■ What you will do: Once you find the line below that has "Διαρρυθμίστε έξυπνα και", output it and every line after it exactly, stopping after the line that has "Compass Duffle - Black/Green/Navy", with no pictures.

■ Data in this exercise:
§

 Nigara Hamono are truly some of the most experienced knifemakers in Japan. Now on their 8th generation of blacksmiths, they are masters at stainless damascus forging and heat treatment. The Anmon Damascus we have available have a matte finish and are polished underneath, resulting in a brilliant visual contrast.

§

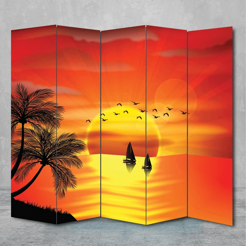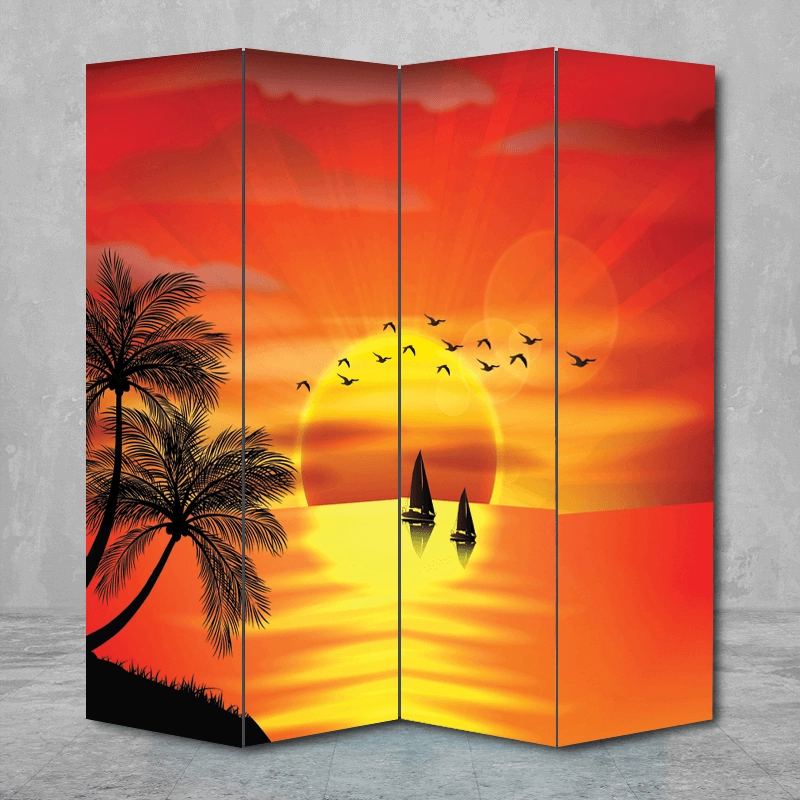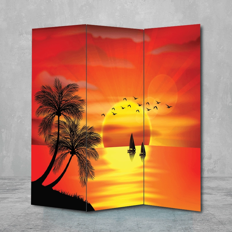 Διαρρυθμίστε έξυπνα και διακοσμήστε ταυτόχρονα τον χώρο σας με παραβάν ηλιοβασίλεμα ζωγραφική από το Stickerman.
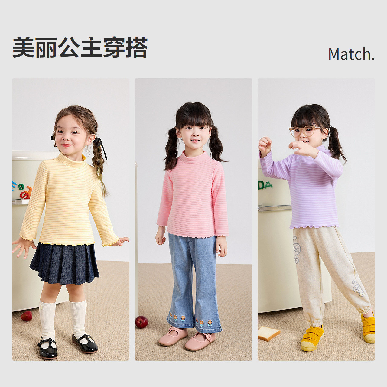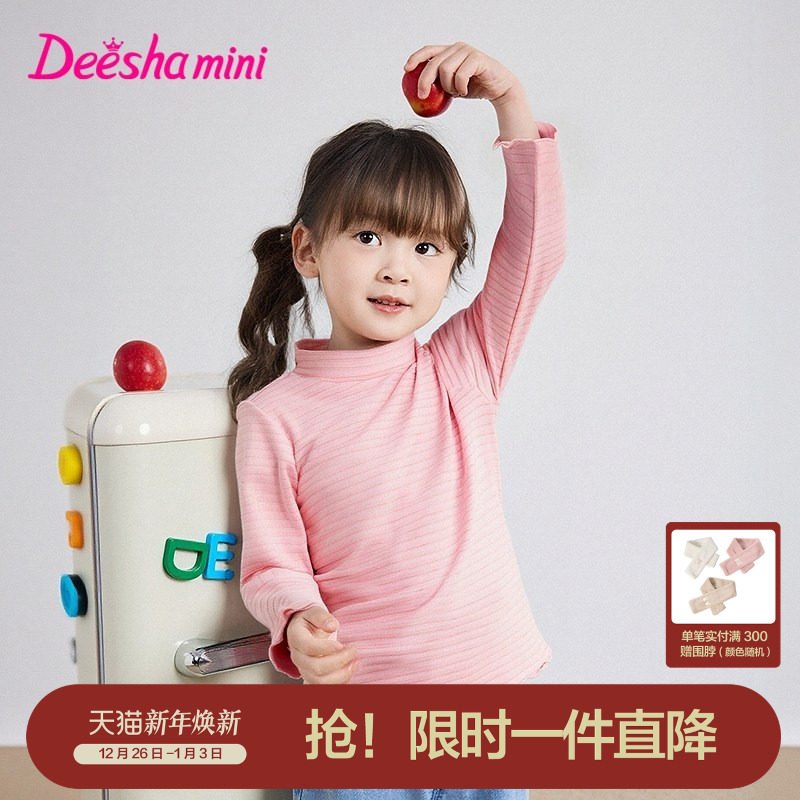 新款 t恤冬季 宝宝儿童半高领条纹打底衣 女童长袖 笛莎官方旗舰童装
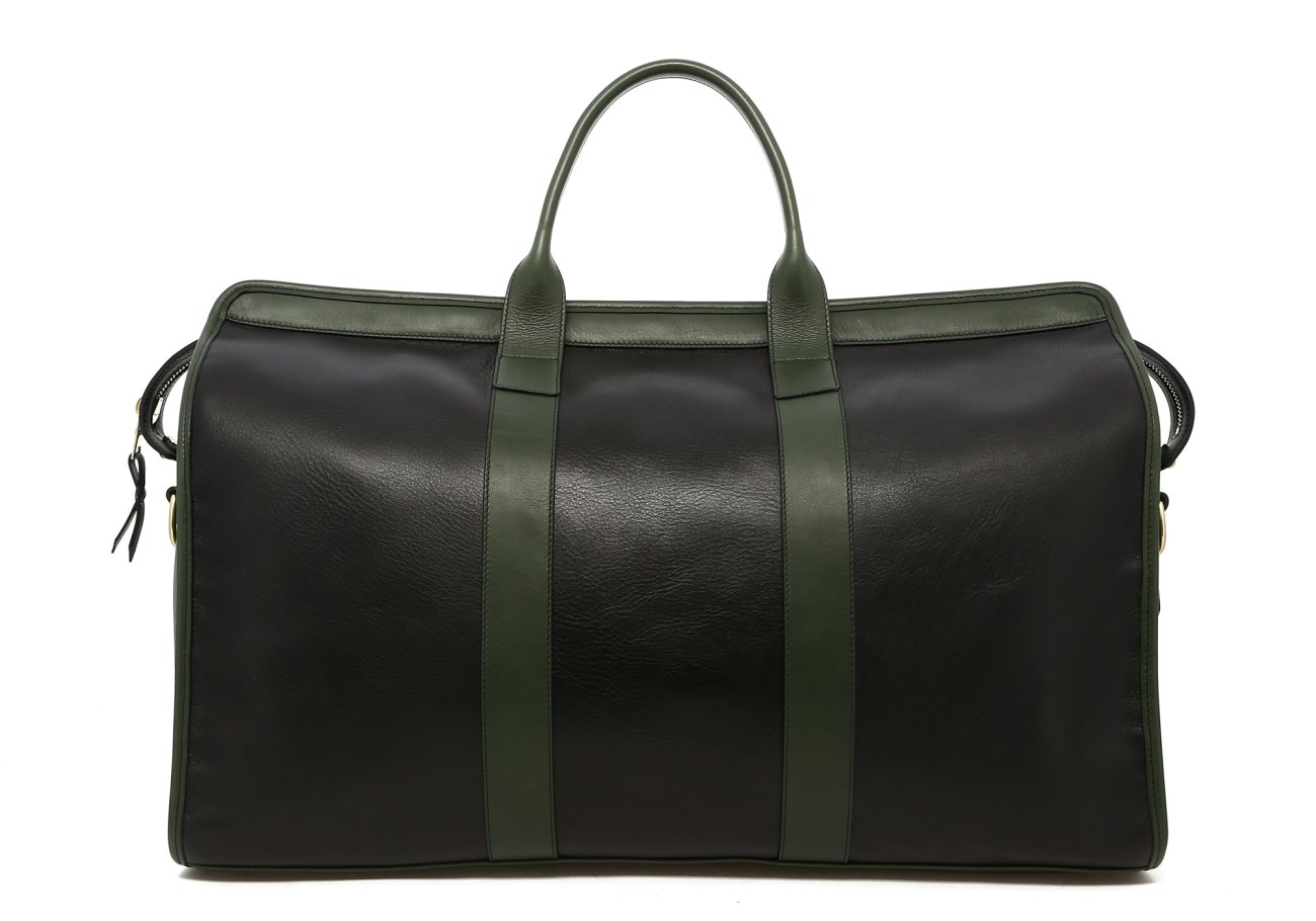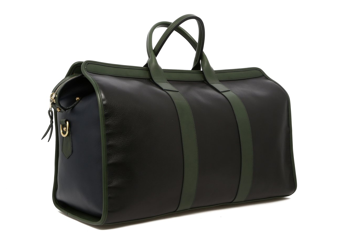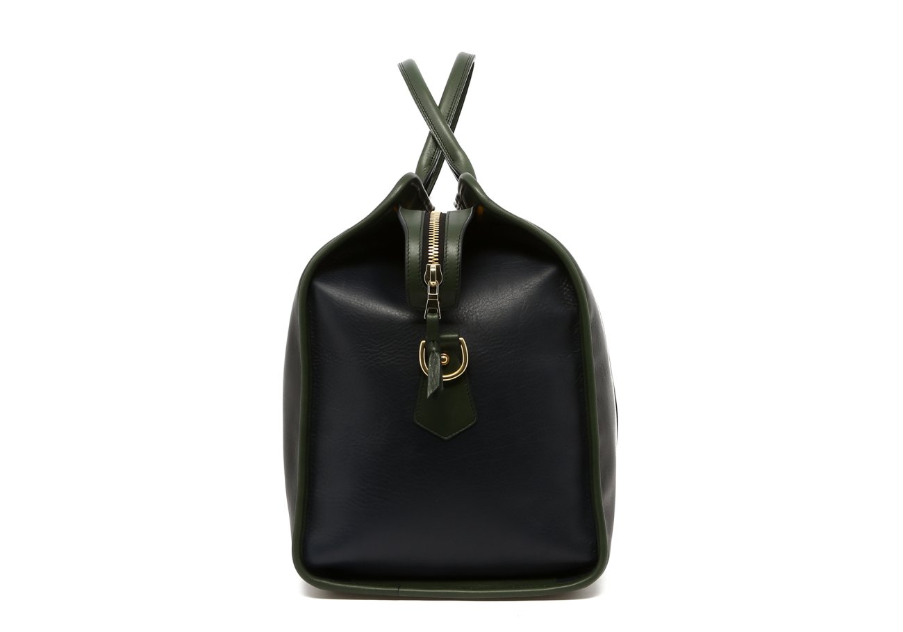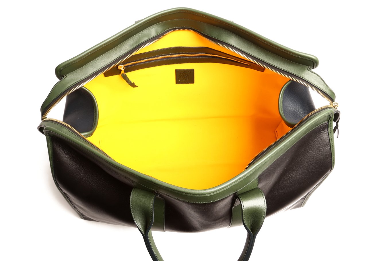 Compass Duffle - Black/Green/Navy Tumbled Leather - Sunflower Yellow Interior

§

■ Solution to the problem:
 Διαρρυθμίστε έξυπνα και διακοσμήστε ταυτόχρονα τον χώρο σας με παραβάν ηλιοβασίλεμα ζωγραφική από το Stickerman.
 新款 t恤冬季 宝宝儿童半高领条纹打底衣 女童长袖 笛莎官方旗舰童装
 Compass Duffle - Black/Green/Navy Tumbled Leather - Sunflower Yellow Interior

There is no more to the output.